Columbia Basin Trust served delicious dinners to appreciative participants at the Kimberley and Cranbrook public input sessions

Dan Hicks

The Columbia Basin Trust served delicious dinners to appreciative participants at the Kimberley and Cranbrook public input sessions on Jan. 14 and 20 respectively. Both sessions were well-attended with near equal numbers, but, on a per capita basis, Kimberley excelled.

The Kimberley session was held at the Kimberley Centennial Hall where the CBT provided wrapped sandwiches and soup, coffee and juice.

The Cranbrook session was held at a more refined venue — the Cranbrook Railway Museum dining room; a proper fried potatoes and chicken smorgasbord was offered, with coffee included.

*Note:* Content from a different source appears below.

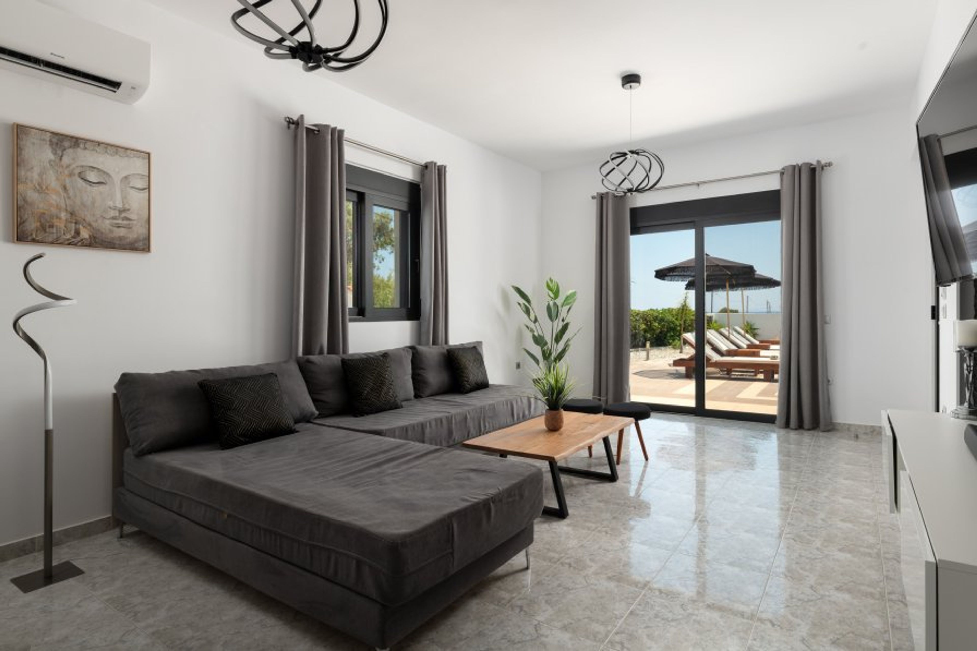 This unique villa offers a wonderful private swimming pool and a serene setting that will bring you in the mood for holidays as soon as you arrive. The villa offers uninterrupted views of the sea and an inspiring surrounding that Catches the eye. Afandou beach is one of the longest beaches in Rhodes with refreshing emerald waters. This divine property is recently renovated in 2021 and offers a beautiful design. It conveniently accommodates up to 6 guests.

Assembled around their respective dining tables, the participants wrote down and discussed what they appreciated about their communities and what could be done with CBT funding to improve them, and then selected a spokesperson who synthesized and articulated the table's suggestions.  Though divergent feel-good fancies were voiced at both Kimberley and Cranbrook, "support for the arts" emerged as a common theme.  An enhanced internet, a multi-faceted community hall, and agrarian self-sufficiency were included in Kimberley's wish list of suggestions.

In Cranbrook, funding for more search and rescue equipment was perhaps the most concise & clearly defined suggestion; and one likely to be approved.  CBT officials declared that they could not fund standard municipal infrastructure (e.g. street repairs), thereby nullifying otherwise credible suggestions.

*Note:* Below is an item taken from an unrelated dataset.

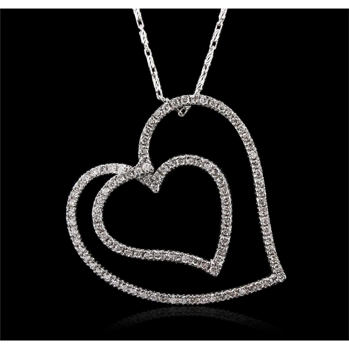 One electronically tested 14KT white gold ladies combination cast & assembled pendant & chain 18.0" long, light fancy link with a lobster claw clasp with a bright polish finish. Identified with markings of "585". Condition is new. Containing: One Hundred Eight prong set round brilliant cut diamonds, measuring 1.30 - 1.30 x 0.78mm (depth est.) approximate total weight of 108 Stones = 0.86ct. Clarity: SI-2 to I-1. Color: J - K, Cut is Good. All diamonds are graded in the mounting, unless otherwise stated. Total Weight of Diamonds 0.86ct. Total Weight of Pendant & Chain 11.90 grams. GGL Appraised at $5,835.00.

From one of the tables, someone articulated the downside of onetime grants: they were not conducive to sustaining ongoing programs.

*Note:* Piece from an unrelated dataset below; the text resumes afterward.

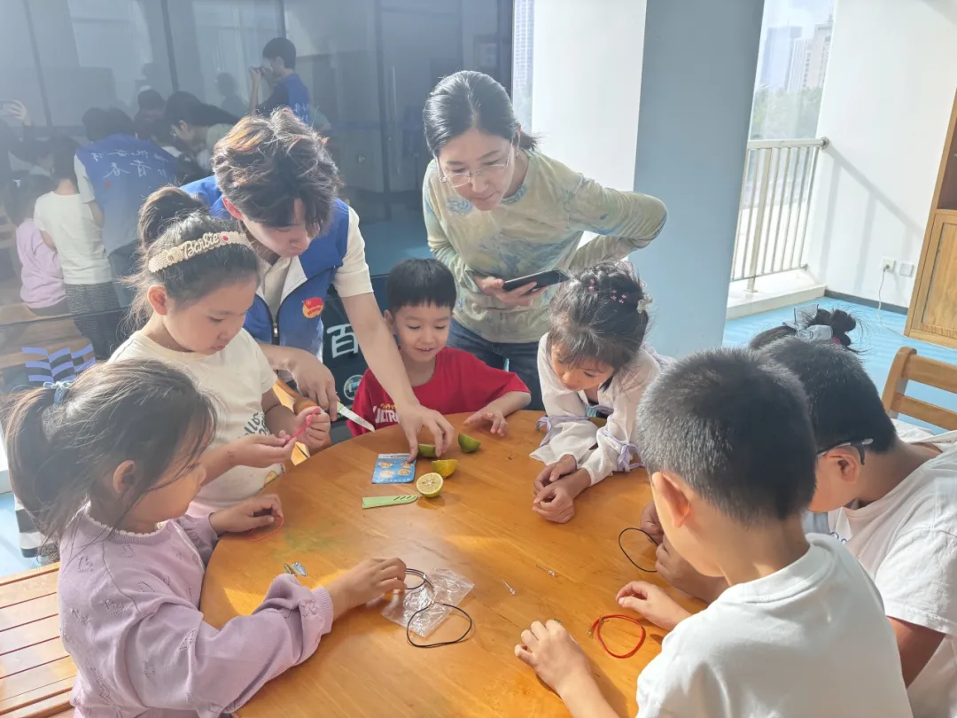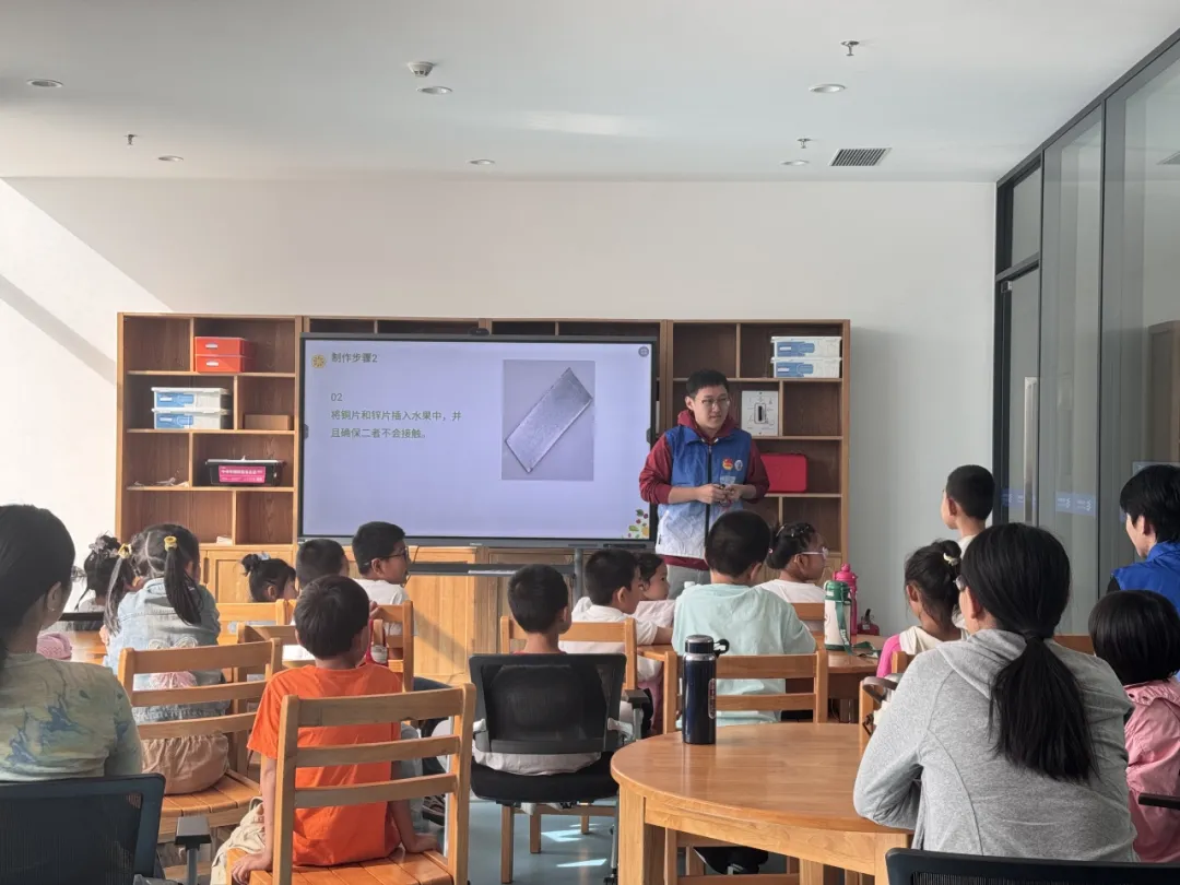 进入动手实践环节,小读者们以小组为单位协作,迫不及待地尝试制作属于自己的水果电池。志愿者们穿梭在各小组之间,耐心指导每一个操作步骤,及时解答小朋友提出的各种疑问。

Invermere and Fernie were scheduled as the other East Kootenay CBT public input locales.

The trust has $20 million to distribute in British Columbia's Columbia River watershed this year, and reports to the BC Ministry of Energy and Mines.  Though its dinner table engagement model for the solicitation of public opinions elicited more scattershot diversity than focused consensus, the experience was both informative and amusing; and much preferred to enduring an insufferable PowerPoint presentation.  My own spontaneous first thought as to what made Cranbrook attractive was that the Rockies were prominent on our eastern horizon; a pastoral perspective that, if universally shared, would ensure that we never received any special funding.